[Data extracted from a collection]
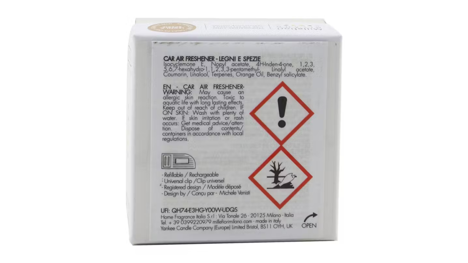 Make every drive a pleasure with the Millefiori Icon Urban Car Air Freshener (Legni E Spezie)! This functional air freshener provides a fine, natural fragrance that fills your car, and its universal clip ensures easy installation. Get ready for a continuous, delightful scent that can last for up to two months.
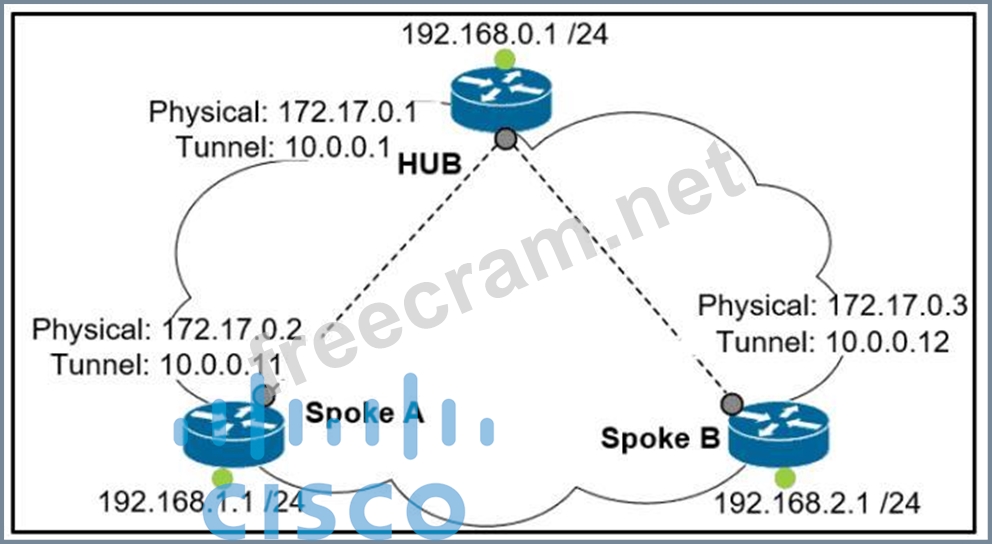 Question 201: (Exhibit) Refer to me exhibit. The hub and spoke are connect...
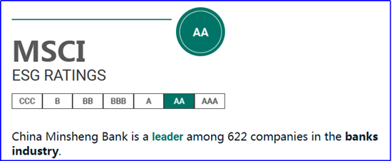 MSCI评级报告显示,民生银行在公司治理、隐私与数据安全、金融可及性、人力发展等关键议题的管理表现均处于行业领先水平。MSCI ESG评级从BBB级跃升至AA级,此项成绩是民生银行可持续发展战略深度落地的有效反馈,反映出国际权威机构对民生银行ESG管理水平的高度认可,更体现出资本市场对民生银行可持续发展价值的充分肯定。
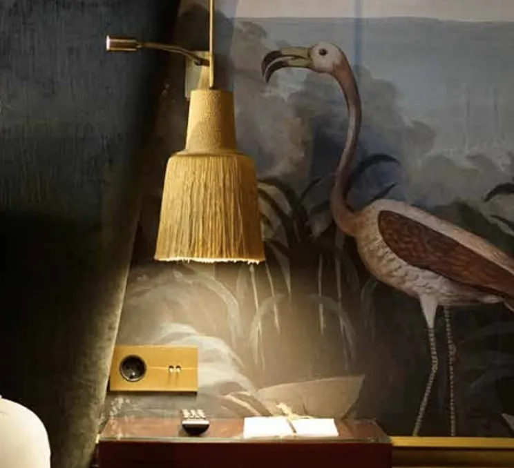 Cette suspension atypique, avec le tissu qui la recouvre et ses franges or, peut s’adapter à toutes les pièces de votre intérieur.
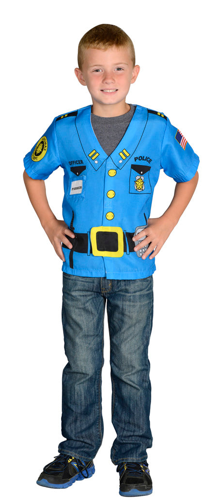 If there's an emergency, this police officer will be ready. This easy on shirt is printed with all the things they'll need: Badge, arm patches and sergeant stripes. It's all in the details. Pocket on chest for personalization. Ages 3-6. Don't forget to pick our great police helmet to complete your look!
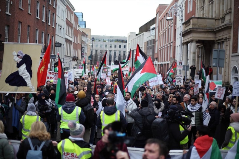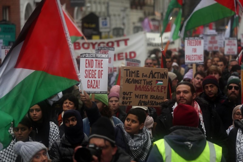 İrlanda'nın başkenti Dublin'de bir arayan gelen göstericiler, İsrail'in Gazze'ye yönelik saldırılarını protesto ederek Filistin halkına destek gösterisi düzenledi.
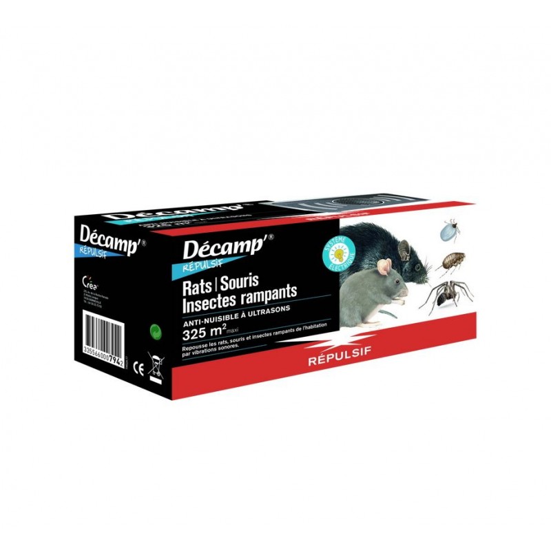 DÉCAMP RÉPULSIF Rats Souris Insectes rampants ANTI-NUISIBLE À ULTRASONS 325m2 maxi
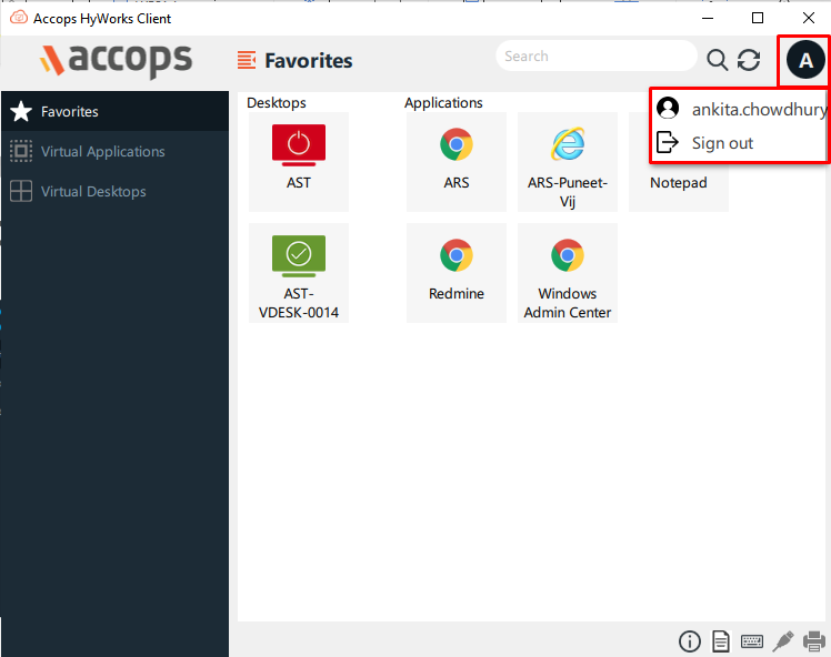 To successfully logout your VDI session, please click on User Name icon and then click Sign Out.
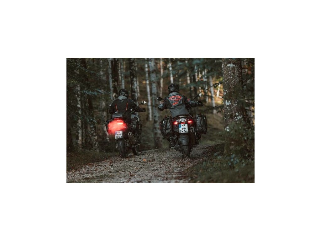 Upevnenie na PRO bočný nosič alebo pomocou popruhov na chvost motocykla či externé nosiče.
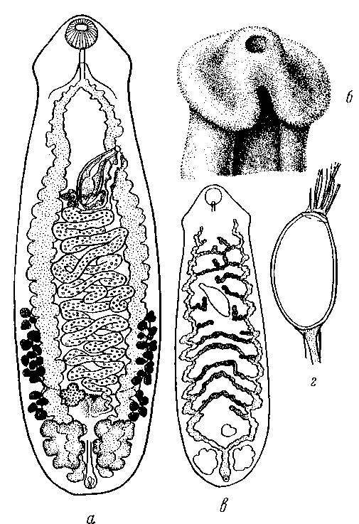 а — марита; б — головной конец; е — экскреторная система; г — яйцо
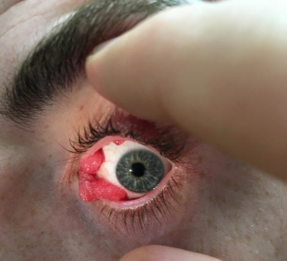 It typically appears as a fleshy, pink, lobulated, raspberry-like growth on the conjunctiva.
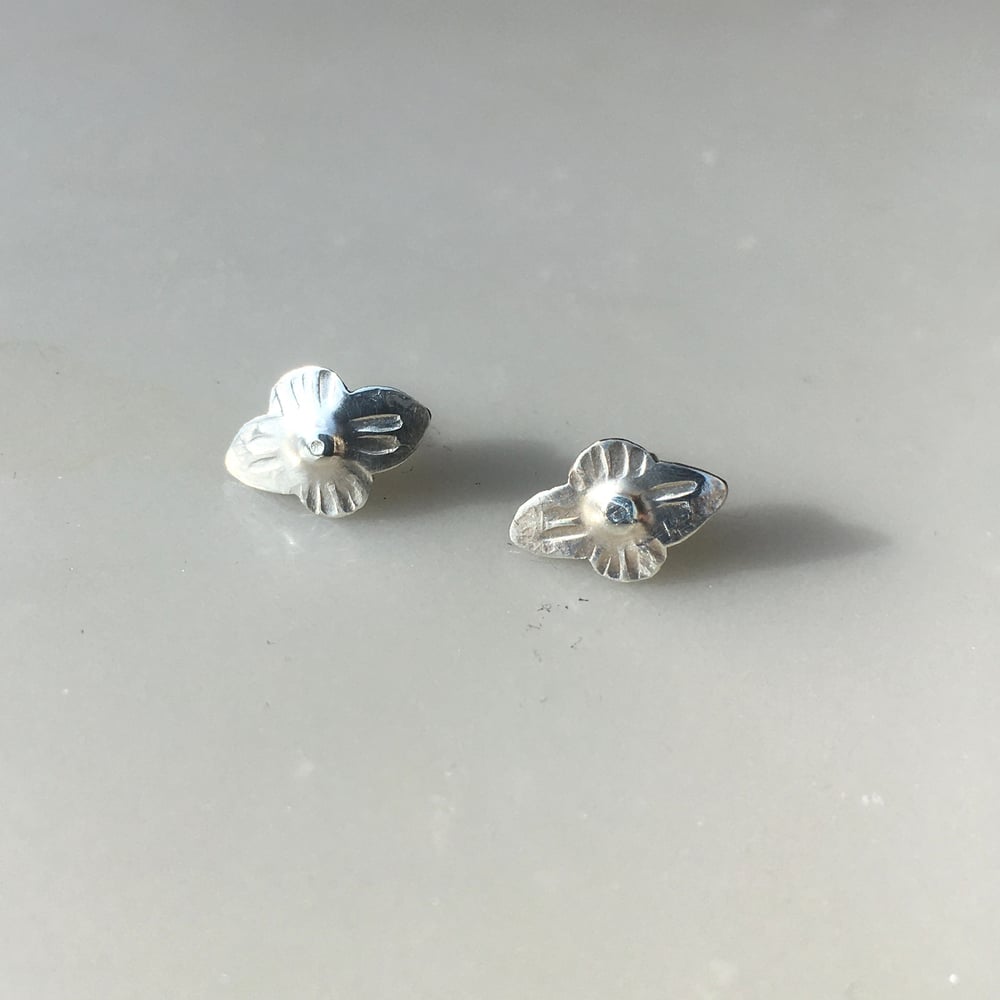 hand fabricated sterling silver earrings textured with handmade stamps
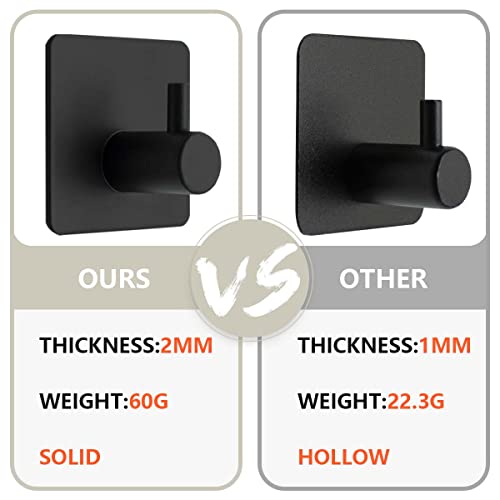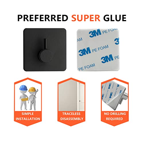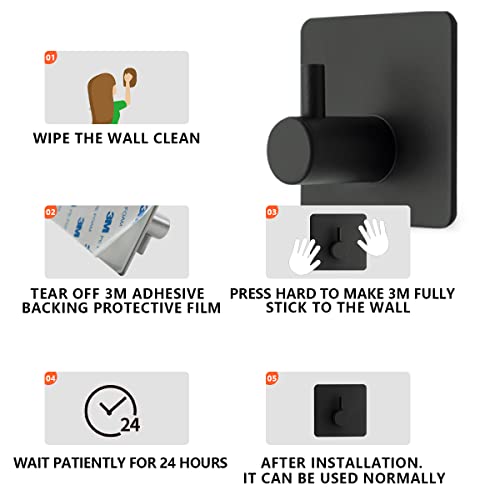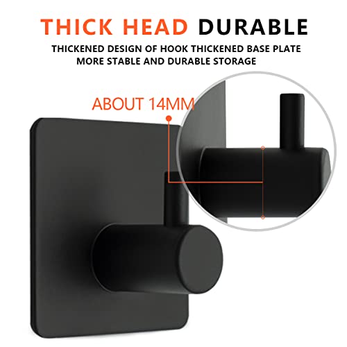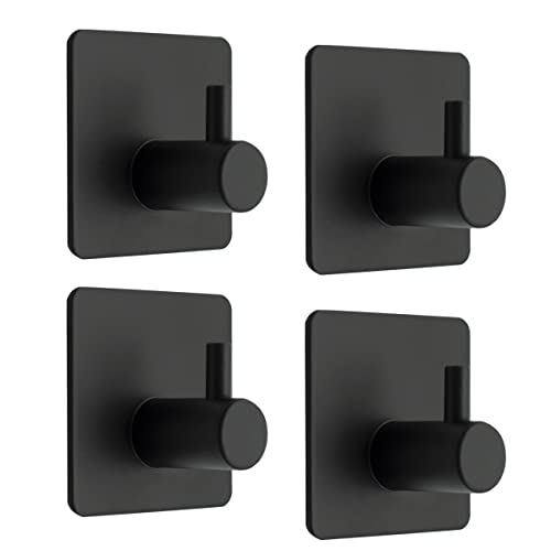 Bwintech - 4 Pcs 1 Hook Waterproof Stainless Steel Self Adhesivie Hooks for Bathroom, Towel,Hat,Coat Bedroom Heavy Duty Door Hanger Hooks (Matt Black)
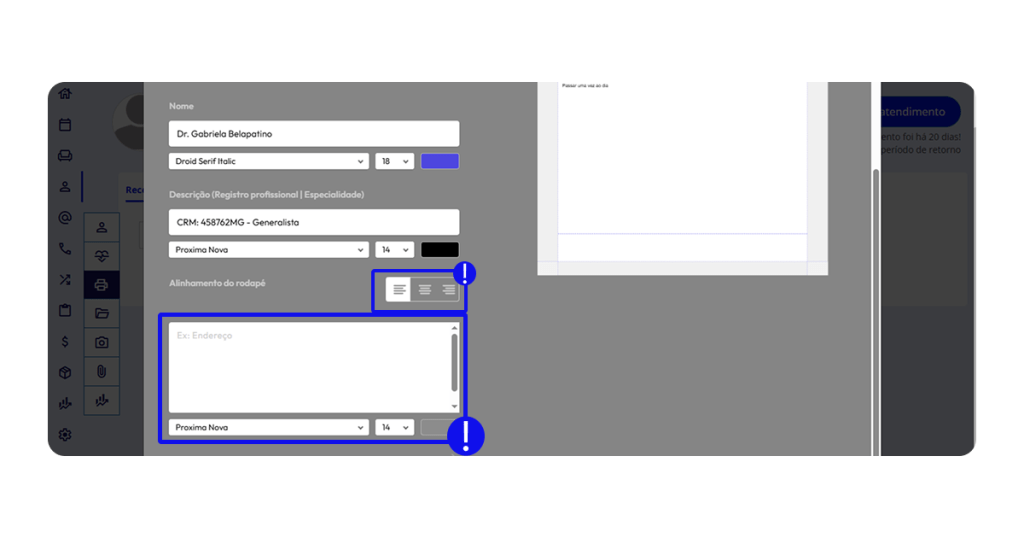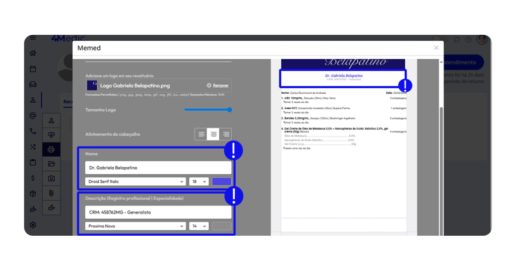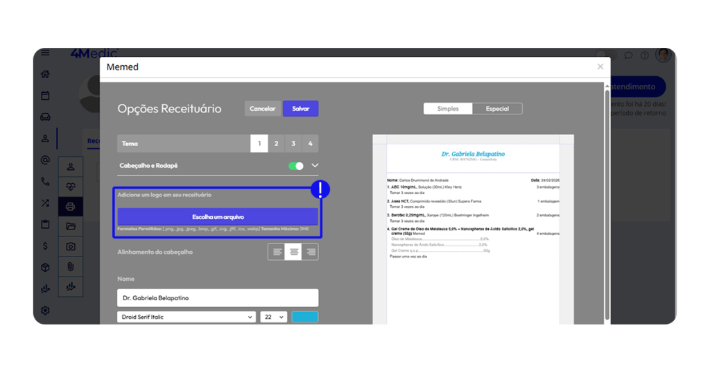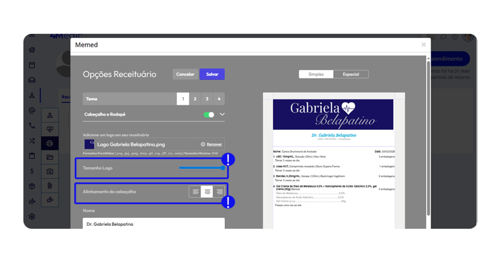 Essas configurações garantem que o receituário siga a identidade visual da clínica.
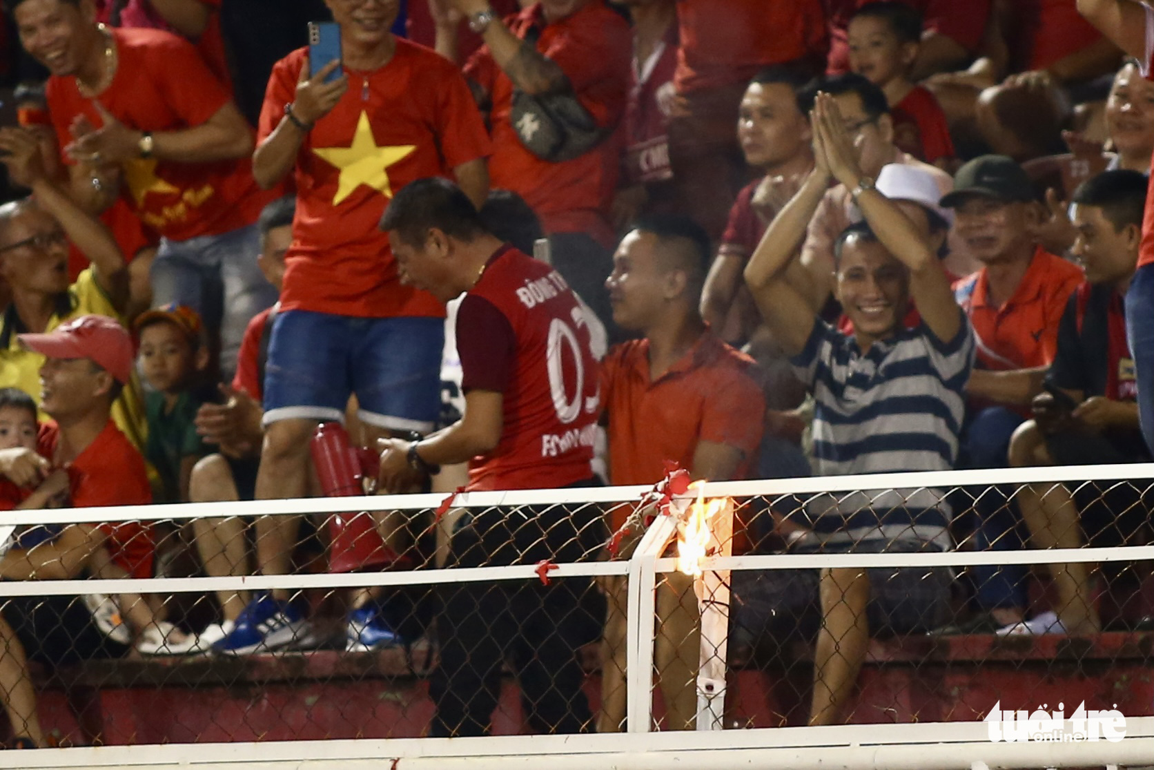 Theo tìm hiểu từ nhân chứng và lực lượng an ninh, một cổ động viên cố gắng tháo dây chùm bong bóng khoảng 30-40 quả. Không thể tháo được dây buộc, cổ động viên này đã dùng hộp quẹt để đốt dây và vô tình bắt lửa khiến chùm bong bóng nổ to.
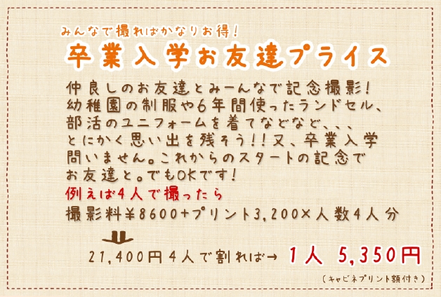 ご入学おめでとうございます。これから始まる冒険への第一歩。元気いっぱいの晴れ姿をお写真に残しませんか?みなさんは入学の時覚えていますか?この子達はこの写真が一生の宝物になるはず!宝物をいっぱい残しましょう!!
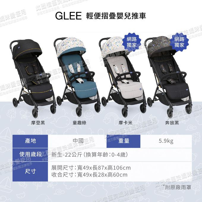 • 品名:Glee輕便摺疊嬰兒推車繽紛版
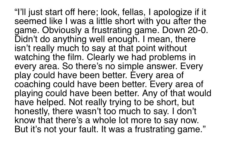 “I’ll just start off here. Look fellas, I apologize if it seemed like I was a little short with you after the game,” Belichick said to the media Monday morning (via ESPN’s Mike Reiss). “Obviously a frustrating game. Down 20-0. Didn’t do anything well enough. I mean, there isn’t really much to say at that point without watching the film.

The task: Every entry above needs to be duplicated precisely, and none of the pictures should appear.

Solution to the problem:
 Make every drive a pleasure with the Millefiori Icon Urban Car Air Freshener (Legni E Spezie)! This functional air freshener provides a fine, natural fragrance that fills your car, and its universal clip ensures easy installation. Get ready for a continuous, delightful scent that can last for up to two months.
 Question 201: (Exhibit) Refer to me exhibit. The hub and spoke are connect...
 MSCI评级报告显示,民生银行在公司治理、隐私与数据安全、金融可及性、人力发展等关键议题的管理表现均处于行业领先水平。MSCI ESG评级从BBB级跃升至AA级,此项成绩是民生银行可持续发展战略深度落地的有效反馈,反映出国际权威机构对民生银行ESG管理水平的高度认可,更体现出资本市场对民生银行可持续发展价值的充分肯定。
 Cette suspension atypique, avec le tissu qui la recouvre et ses franges or, peut s’adapter à toutes les pièces de votre intérieur.
 If there's an emergency, this police officer will be ready. This easy on shirt is printed with all the things they'll need: Badge, arm patches and sergeant stripes. It's all in the details. Pocket on chest for personalization. Ages 3-6. Don't forget to pick our great police helmet to complete your look!
 İrlanda'nın başkenti Dublin'de bir arayan gelen göstericiler, İsrail'in Gazze'ye yönelik saldırılarını protesto ederek Filistin halkına destek gösterisi düzenledi.
 DÉCAMP RÉPULSIF Rats Souris Insectes rampants ANTI-NUISIBLE À ULTRASONS 325m2 maxi
 To successfully logout your VDI session, please click on User Name icon and then click Sign Out.
 Upevnenie na PRO bočný nosič alebo pomocou popruhov na chvost motocykla či externé nosiče.
 а — марита; б — головной конец; е — экскреторная система; г — яйцо
 It typically appears as a fleshy, pink, lobulated, raspberry-like growth on the conjunctiva.
 hand fabricated sterling silver earrings textured with handmade stamps
 Bwintech - 4 Pcs 1 Hook Waterproof Stainless Steel Self Adhesivie Hooks for Bathroom, Towel,Hat,Coat Bedroom Heavy Duty Door Hanger Hooks (Matt Black)
 Essas configurações garantem que o receituário siga a identidade visual da clínica.
 Theo tìm hiểu từ nhân chứng và lực lượng an ninh, một cổ động viên cố gắng tháo dây chùm bong bóng khoảng 30-40 quả. Không thể tháo được dây buộc, cổ động viên này đã dùng hộp quẹt để đốt dây và vô tình bắt lửa khiến chùm bong bóng nổ to.
 ご入学おめでとうございます。これから始まる冒険への第一歩。元気いっぱいの晴れ姿をお写真に残しませんか?みなさんは入学の時覚えていますか?この子達はこの写真が一生の宝物になるはず!宝物をいっぱい残しましょう!!
 • 品名:Glee輕便摺疊嬰兒推車繽紛版
 “I’ll just start off here. Look fellas, I apologize if it seemed like I was a little short with you after the game,” Belichick said to the media Monday morning (via ESPN’s Mike Reiss). “Obviously a frustrating game. Down 20-0. Didn’t do anything well enough. I mean, there isn’t really much to say at that point without watching the film.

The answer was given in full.